═══ Material for this task ═══

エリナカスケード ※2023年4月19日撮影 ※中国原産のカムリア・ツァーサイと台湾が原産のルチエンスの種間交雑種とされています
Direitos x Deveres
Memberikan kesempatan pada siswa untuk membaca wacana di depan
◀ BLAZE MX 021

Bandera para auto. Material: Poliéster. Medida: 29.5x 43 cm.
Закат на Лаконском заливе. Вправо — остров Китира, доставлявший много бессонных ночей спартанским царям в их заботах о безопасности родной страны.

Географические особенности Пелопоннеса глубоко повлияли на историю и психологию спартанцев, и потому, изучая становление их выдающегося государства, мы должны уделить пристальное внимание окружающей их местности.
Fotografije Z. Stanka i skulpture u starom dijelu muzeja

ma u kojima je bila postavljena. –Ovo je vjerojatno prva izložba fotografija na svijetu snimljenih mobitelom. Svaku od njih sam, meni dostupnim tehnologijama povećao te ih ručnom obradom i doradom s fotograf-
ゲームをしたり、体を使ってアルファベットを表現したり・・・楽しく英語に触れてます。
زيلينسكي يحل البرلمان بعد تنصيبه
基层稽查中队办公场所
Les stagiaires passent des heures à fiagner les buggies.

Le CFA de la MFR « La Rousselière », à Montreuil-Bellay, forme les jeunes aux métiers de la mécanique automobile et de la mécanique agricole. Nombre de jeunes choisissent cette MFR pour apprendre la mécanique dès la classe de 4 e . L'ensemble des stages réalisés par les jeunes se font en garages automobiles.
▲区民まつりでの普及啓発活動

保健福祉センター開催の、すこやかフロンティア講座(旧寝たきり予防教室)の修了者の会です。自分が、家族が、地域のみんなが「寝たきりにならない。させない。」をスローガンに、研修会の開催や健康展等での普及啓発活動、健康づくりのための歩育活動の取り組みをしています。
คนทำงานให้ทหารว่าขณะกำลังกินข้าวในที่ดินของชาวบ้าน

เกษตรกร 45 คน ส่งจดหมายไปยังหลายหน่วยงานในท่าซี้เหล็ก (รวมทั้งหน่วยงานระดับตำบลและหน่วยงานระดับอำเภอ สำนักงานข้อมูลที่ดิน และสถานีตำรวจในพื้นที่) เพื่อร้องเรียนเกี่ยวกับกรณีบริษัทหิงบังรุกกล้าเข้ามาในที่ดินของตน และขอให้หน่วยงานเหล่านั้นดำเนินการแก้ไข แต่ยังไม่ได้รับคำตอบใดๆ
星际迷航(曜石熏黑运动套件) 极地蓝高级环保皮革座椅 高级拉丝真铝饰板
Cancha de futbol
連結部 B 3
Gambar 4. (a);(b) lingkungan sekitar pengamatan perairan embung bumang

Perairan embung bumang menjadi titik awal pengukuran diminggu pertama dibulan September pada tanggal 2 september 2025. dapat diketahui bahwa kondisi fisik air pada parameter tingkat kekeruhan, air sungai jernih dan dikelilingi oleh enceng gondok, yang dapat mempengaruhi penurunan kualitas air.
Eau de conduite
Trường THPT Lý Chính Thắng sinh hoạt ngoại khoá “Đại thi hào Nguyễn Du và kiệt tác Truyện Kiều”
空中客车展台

═══

What the exercise asks: Wherever the string "embung" occurs in the records above, copy that line.

Answer below:
Gambar 4. (a);(b) lingkungan sekitar pengamatan perairan embung bumang
Perairan embung bumang menjadi titik awal pengukuran diminggu pertama dibulan September pada tanggal 2 september 2025. dapat diketahui bahwa kondisi fisik air pada parameter tingkat kekeruhan, air sungai jernih dan dikelilingi oleh enceng gondok, yang dapat mempengaruhi penurunan kualitas air.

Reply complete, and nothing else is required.